The Obama administration said it would focus its enforcement of illegal immigration laws by targeting workplace activities, but a recent report shows that while audits of employers are slightly up over the Bush administration, worker arrests are down drastically since the end of 2008.
Under Obama, employer audits are up 50 percent, fines have tripled to almost $3 million and the number of executives arrested is slightly up over the Bush administration.
But under President Obama, the numbers of arrests and deportations of illegals taken into custody at work sites plummeted by more than 80 percent from the last year of the Bush administration. In the current fiscal year 2010, which ends Sept. 30, ICE has arrested 900 workers.
That compares to immigration agents under Bush raiding hundreds of businesses from factory to farm — and arresting and deporting more than 6,000 illegal immigrants in raids in 2008 — more than 5,000 simply for being in the country illegally.
“No administration in the history of this nation removed more illegal immigrants from the country than we did last year and I expect the records to continue. We’re serious about enforcement. We’re going to go out and we’re just going to do it,” he said.
Can you guess if this was Obama, Napalitano or ICE? they’ve all said the same talking point.

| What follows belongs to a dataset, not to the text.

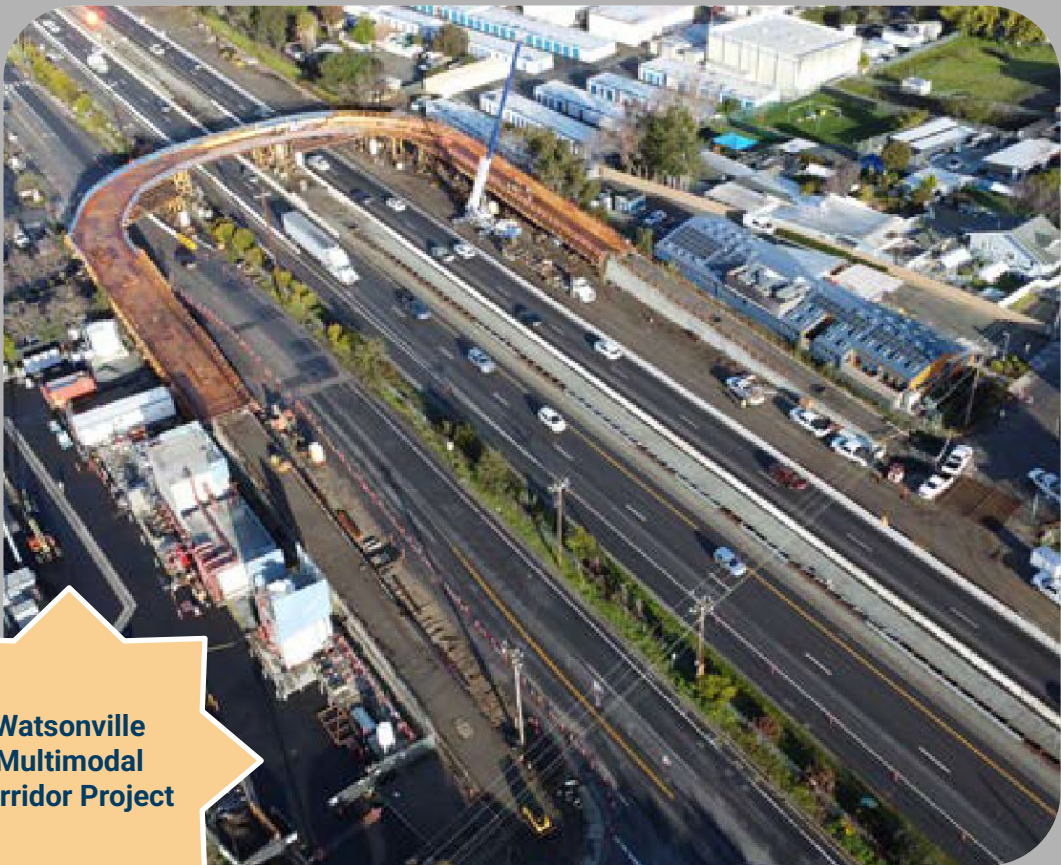
Watsonville Multimodal Corridor Project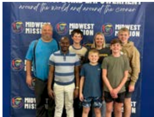
Hope UMC Blue Earth, MN

But if they aren’t “serious” criminals they can now walk. And even if they are “serious” they can always self-deport so they can walk across the border again tomorrow. No problem.
So we raid your business, we fine you, you’re workers are taken by ICE. Then if they aren’t “serious” criminals they let them go so you can rehire them again or you can hire the group let go by another employer yesterday.
Let’s just swap workers and call that jobs “saved or created”. Yeah, that’s the ticket! :)
That is unless you’re a chronic drunk in Atlanta who kills people at their mailbox that is. :( Maybe…
So just like the Blank Panther case and others, the government has made the decision on what selective enforcement they wish to pursue. The law is mailable to their political whims of the moment.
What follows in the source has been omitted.